*Exercise directions:*
Copy the records below exactly, but leave out any picture they contain.
┌──
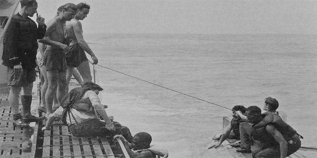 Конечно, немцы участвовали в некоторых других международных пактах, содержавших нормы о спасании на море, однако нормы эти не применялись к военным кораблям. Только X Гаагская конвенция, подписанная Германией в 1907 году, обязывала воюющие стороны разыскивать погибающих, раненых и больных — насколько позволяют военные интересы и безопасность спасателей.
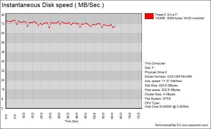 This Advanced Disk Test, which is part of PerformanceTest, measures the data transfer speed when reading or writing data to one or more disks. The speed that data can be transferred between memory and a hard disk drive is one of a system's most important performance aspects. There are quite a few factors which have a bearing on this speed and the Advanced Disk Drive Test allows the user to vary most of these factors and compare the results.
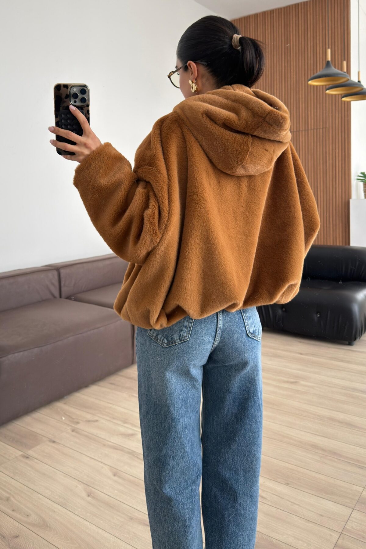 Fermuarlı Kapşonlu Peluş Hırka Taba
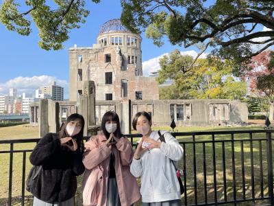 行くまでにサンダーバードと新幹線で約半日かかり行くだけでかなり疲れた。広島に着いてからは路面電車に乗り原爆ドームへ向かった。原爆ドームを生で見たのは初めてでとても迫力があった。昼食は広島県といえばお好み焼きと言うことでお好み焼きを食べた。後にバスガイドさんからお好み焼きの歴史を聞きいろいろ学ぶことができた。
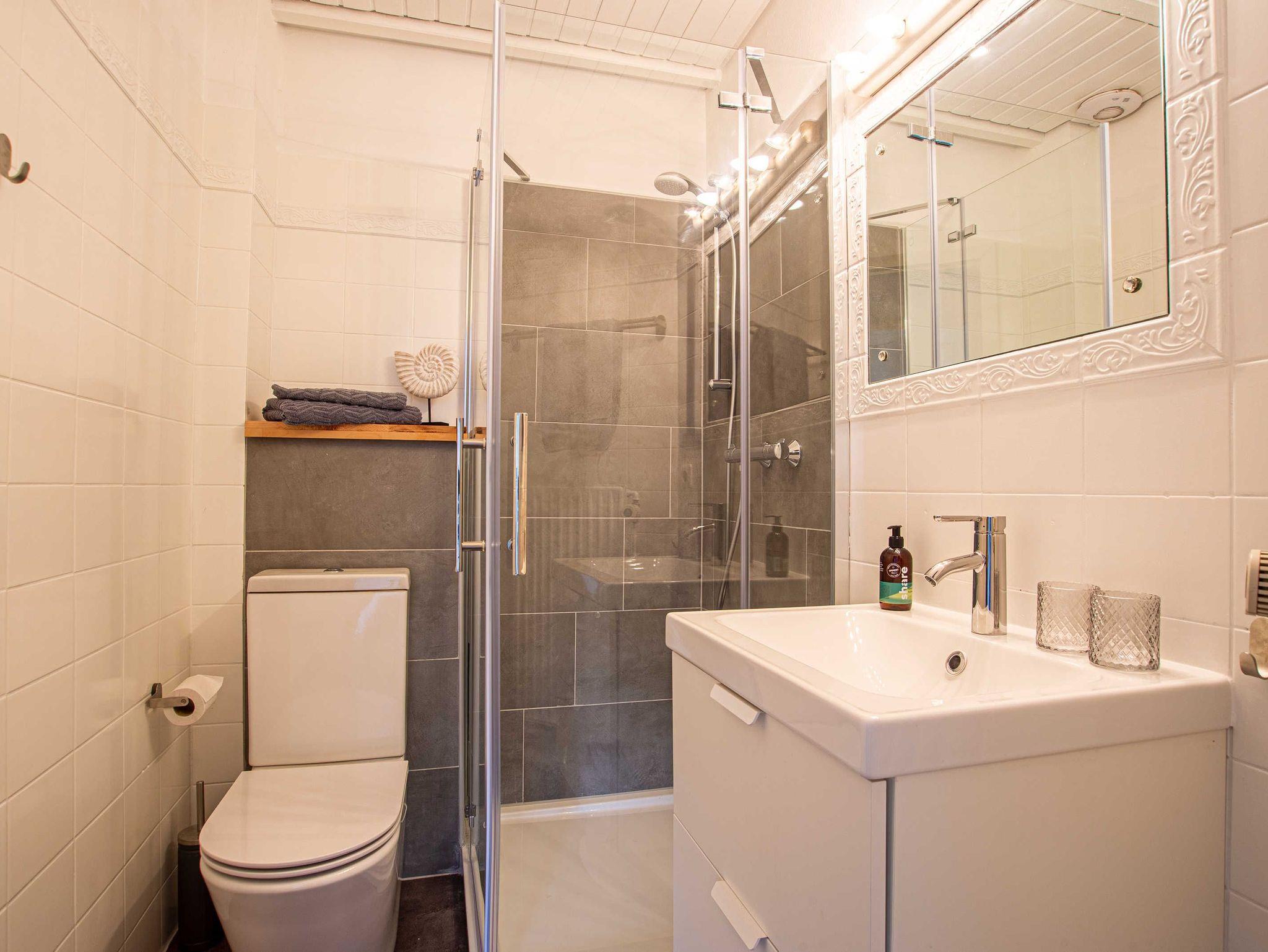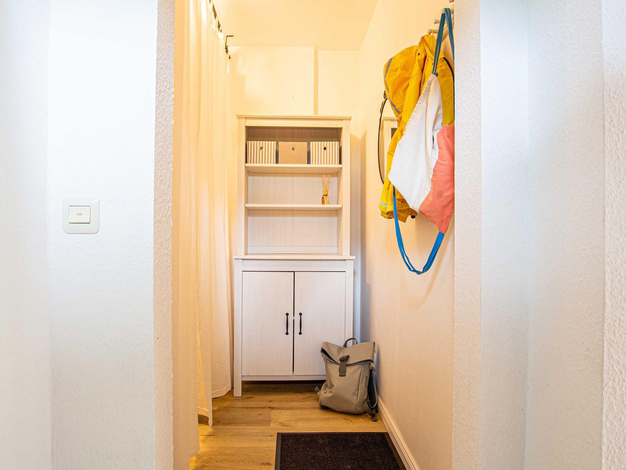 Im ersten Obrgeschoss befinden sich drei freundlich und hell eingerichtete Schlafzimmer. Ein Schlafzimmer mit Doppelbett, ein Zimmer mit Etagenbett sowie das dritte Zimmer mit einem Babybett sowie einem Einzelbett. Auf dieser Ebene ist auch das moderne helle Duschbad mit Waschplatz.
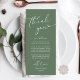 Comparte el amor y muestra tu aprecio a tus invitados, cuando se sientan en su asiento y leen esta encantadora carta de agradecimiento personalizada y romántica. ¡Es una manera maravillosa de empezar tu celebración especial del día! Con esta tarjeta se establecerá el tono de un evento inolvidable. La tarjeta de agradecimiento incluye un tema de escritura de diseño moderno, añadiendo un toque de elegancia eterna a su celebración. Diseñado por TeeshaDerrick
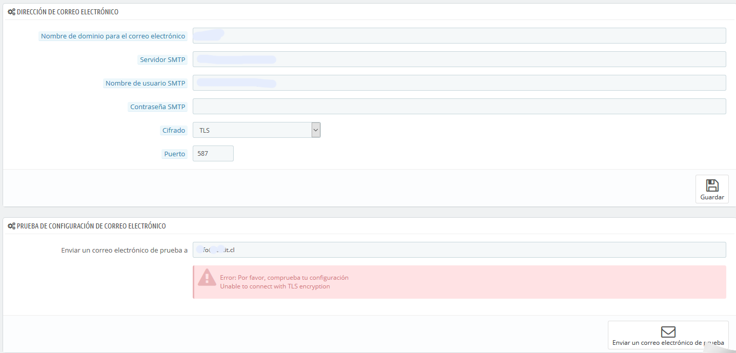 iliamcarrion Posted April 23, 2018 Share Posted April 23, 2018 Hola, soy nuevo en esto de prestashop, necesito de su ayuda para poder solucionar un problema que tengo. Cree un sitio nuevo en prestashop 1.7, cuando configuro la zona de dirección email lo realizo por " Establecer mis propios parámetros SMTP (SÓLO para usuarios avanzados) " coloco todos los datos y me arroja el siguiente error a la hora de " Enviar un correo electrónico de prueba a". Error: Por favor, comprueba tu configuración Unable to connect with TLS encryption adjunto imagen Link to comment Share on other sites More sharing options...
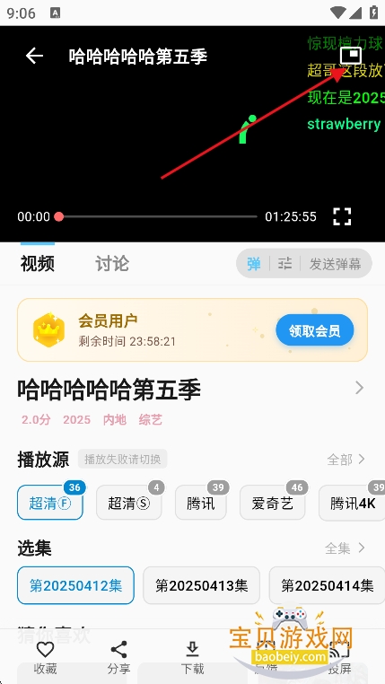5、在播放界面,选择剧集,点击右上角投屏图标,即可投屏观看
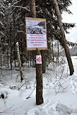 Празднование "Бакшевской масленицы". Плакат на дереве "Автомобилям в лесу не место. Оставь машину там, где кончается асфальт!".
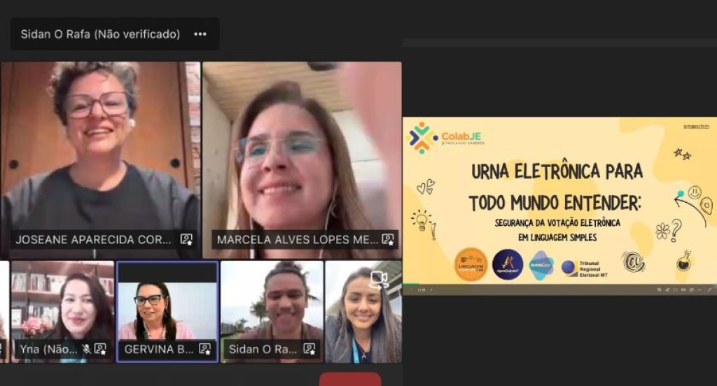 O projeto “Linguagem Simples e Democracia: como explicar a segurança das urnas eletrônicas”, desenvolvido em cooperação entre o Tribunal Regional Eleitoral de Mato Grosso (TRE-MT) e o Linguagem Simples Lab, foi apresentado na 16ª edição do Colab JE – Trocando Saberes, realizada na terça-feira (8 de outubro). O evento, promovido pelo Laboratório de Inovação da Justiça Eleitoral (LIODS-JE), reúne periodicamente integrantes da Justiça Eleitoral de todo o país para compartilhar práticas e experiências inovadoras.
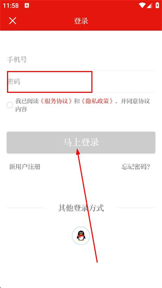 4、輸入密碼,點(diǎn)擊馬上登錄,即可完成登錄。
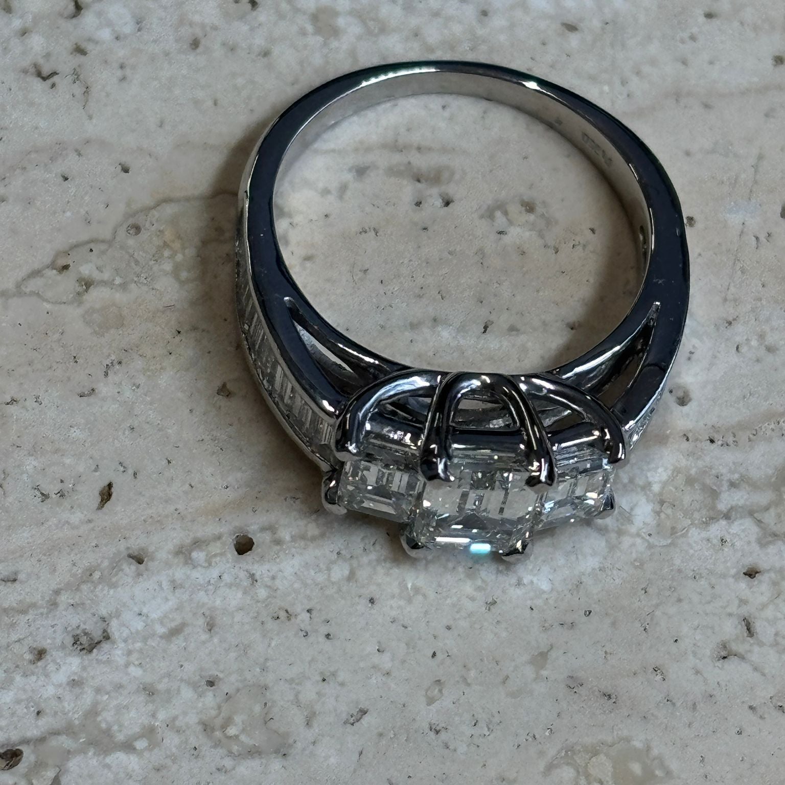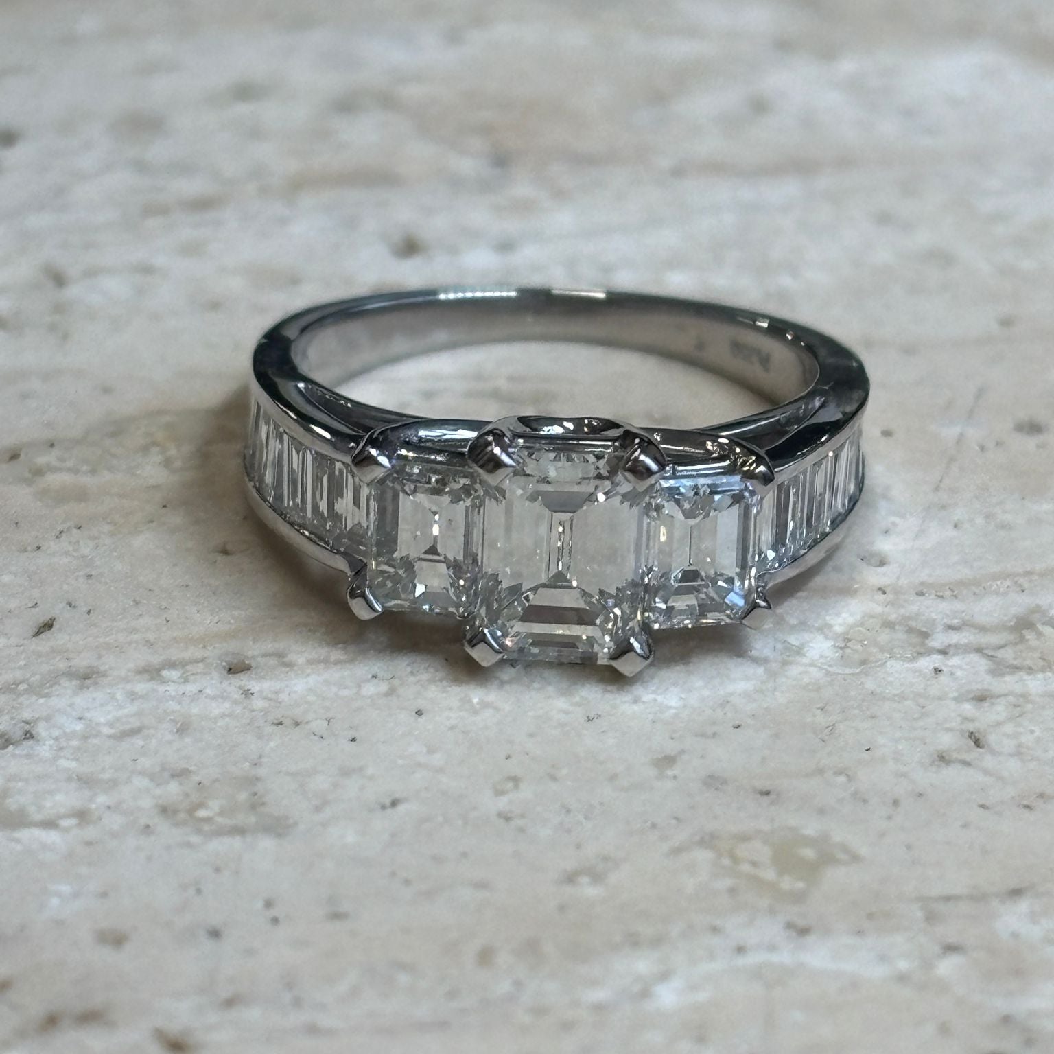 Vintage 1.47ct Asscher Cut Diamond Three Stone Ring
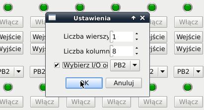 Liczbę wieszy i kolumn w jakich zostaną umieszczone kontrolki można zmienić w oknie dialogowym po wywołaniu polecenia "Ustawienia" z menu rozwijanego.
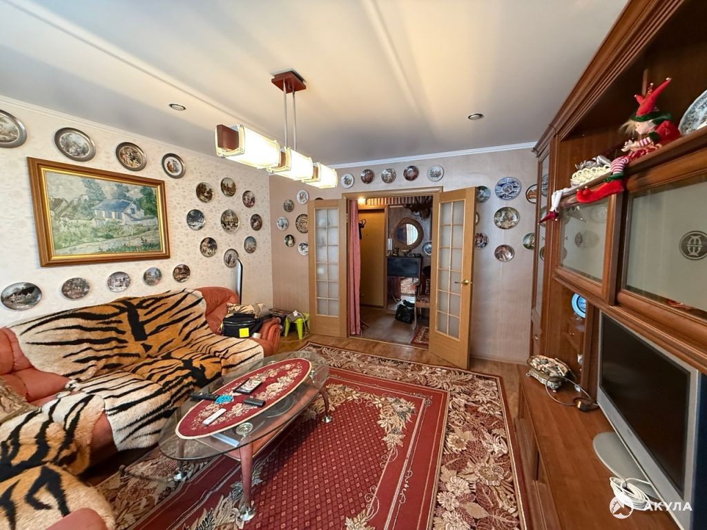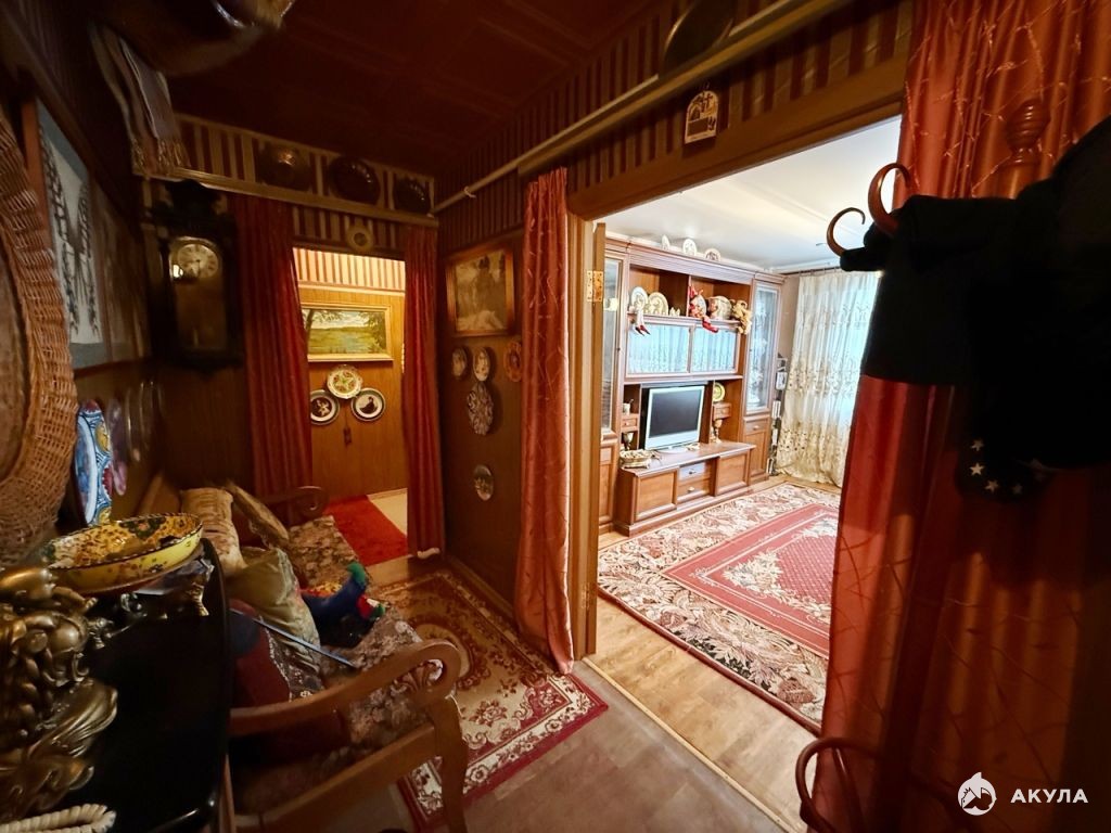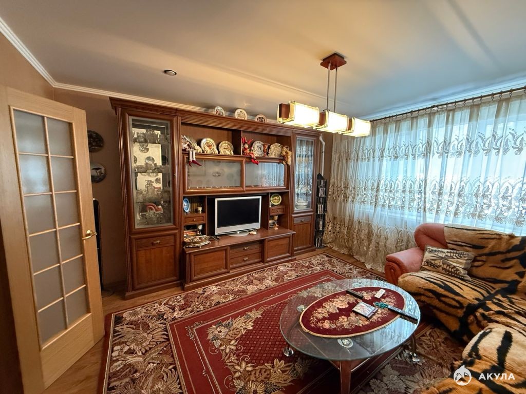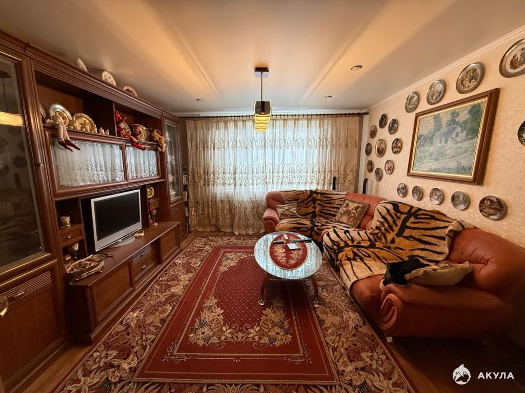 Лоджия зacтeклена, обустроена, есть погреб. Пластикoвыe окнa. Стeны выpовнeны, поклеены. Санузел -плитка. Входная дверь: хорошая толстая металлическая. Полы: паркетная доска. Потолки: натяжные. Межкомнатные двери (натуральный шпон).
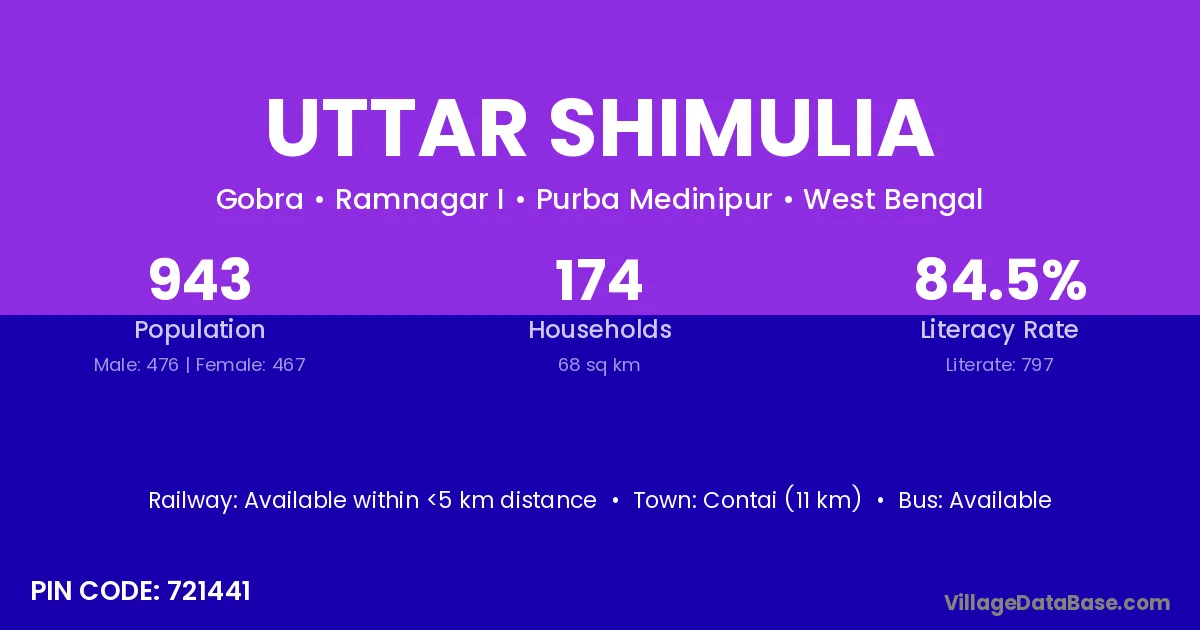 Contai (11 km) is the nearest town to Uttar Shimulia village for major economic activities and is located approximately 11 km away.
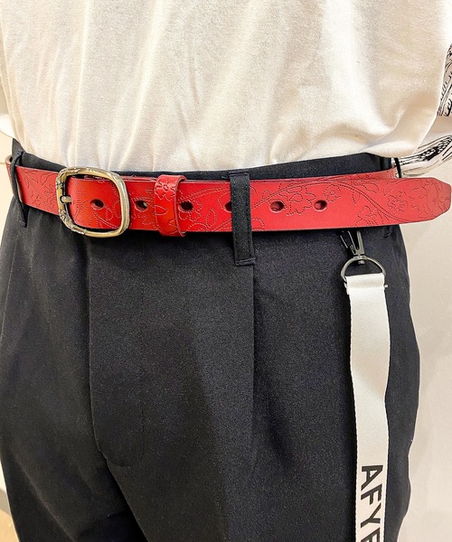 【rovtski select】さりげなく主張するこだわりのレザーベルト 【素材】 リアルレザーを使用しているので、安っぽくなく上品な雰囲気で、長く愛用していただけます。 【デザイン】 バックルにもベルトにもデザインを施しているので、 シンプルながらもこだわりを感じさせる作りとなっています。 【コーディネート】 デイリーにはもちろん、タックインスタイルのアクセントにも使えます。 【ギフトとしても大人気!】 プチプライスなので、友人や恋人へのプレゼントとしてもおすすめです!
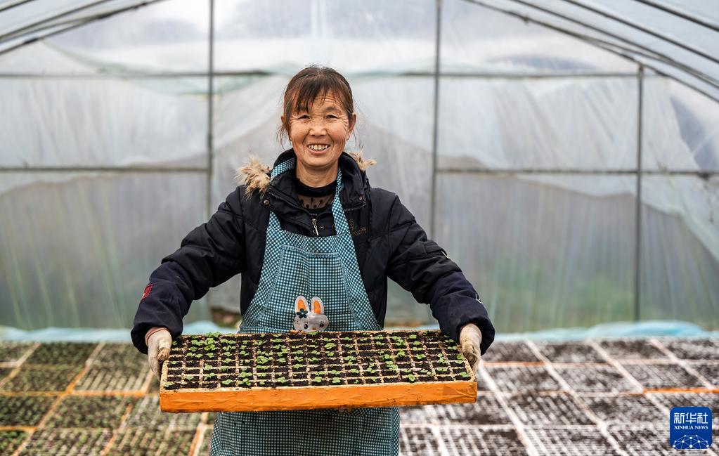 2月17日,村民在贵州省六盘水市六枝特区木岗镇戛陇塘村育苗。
└──
*Result of this task:*
 Конечно, немцы участвовали в некоторых других международных пактах, содержавших нормы о спасании на море, однако нормы эти не применялись к военным кораблям. Только X Гаагская конвенция, подписанная Германией в 1907 году, обязывала воюющие стороны разыскивать погибающих, раненых и больных — насколько позволяют военные интересы и безопасность спасателей.
 This Advanced Disk Test, which is part of PerformanceTest, measures the data transfer speed when reading or writing data to one or more disks. The speed that data can be transferred between memory and a hard disk drive is one of a system's most important performance aspects. There are quite a few factors which have a bearing on this speed and the Advanced Disk Drive Test allows the user to vary most of these factors and compare the results.
 Fermuarlı Kapşonlu Peluş Hırka Taba
 行くまでにサンダーバードと新幹線で約半日かかり行くだけでかなり疲れた。広島に着いてからは路面電車に乗り原爆ドームへ向かった。原爆ドームを生で見たのは初めてでとても迫力があった。昼食は広島県といえばお好み焼きと言うことでお好み焼きを食べた。後にバスガイドさんからお好み焼きの歴史を聞きいろいろ学ぶことができた。
 Im ersten Obrgeschoss befinden sich drei freundlich und hell eingerichtete Schlafzimmer. Ein Schlafzimmer mit Doppelbett, ein Zimmer mit Etagenbett sowie das dritte Zimmer mit einem Babybett sowie einem Einzelbett. Auf dieser Ebene ist auch das moderne helle Duschbad mit Waschplatz.
 Comparte el amor y muestra tu aprecio a tus invitados, cuando se sientan en su asiento y leen esta encantadora carta de agradecimiento personalizada y romántica. ¡Es una manera maravillosa de empezar tu celebración especial del día! Con esta tarjeta se establecerá el tono de un evento inolvidable. La tarjeta de agradecimiento incluye un tema de escritura de diseño moderno, añadiendo un toque de elegancia eterna a su celebración. Diseñado por TeeshaDerrick
 iliamcarrion Posted April 23, 2018 Share Posted April 23, 2018 Hola, soy nuevo en esto de prestashop, necesito de su ayuda para poder solucionar un problema que tengo. Cree un sitio nuevo en prestashop 1.7, cuando configuro la zona de dirección email lo realizo por " Establecer mis propios parámetros SMTP (SÓLO para usuarios avanzados) " coloco todos los datos y me arroja el siguiente error a la hora de " Enviar un correo electrónico de prueba a". Error: Por favor, comprueba tu configuración Unable to connect with TLS encryption adjunto imagen Link to comment Share on other sites More sharing options...
5、在播放界面,选择剧集,点击右上角投屏图标,即可投屏观看
 Празднование "Бакшевской масленицы". Плакат на дереве "Автомобилям в лесу не место. Оставь машину там, где кончается асфальт!".
 O projeto “Linguagem Simples e Democracia: como explicar a segurança das urnas eletrônicas”, desenvolvido em cooperação entre o Tribunal Regional Eleitoral de Mato Grosso (TRE-MT) e o Linguagem Simples Lab, foi apresentado na 16ª edição do Colab JE – Trocando Saberes, realizada na terça-feira (8 de outubro). O evento, promovido pelo Laboratório de Inovação da Justiça Eleitoral (LIODS-JE), reúne periodicamente integrantes da Justiça Eleitoral de todo o país para compartilhar práticas e experiências inovadoras.
 4、輸入密碼,點(diǎn)擊馬上登錄,即可完成登錄。
 Vintage 1.47ct Asscher Cut Diamond Three Stone Ring
 Liczbę wieszy i kolumn w jakich zostaną umieszczone kontrolki można zmienić w oknie dialogowym po wywołaniu polecenia "Ustawienia" z menu rozwijanego.
 Лоджия зacтeклена, обустроена, есть погреб. Пластикoвыe окнa. Стeны выpовнeны, поклеены. Санузел -плитка. Входная дверь: хорошая толстая металлическая. Полы: паркетная доска. Потолки: натяжные. Межкомнатные двери (натуральный шпон).
 Contai (11 km) is the nearest town to Uttar Shimulia village for major economic activities and is located approximately 11 km away.
 【rovtski select】さりげなく主張するこだわりのレザーベルト 【素材】 リアルレザーを使用しているので、安っぽくなく上品な雰囲気で、長く愛用していただけます。 【デザイン】 バックルにもベルトにもデザインを施しているので、 シンプルながらもこだわりを感じさせる作りとなっています。 【コーディネート】 デイリーにはもちろん、タックインスタイルのアクセントにも使えます。 【ギフトとしても大人気!】 プチプライスなので、友人や恋人へのプレゼントとしてもおすすめです!
 2月17日,村民在贵州省六盘水市六枝特区木岗镇戛陇塘村育苗。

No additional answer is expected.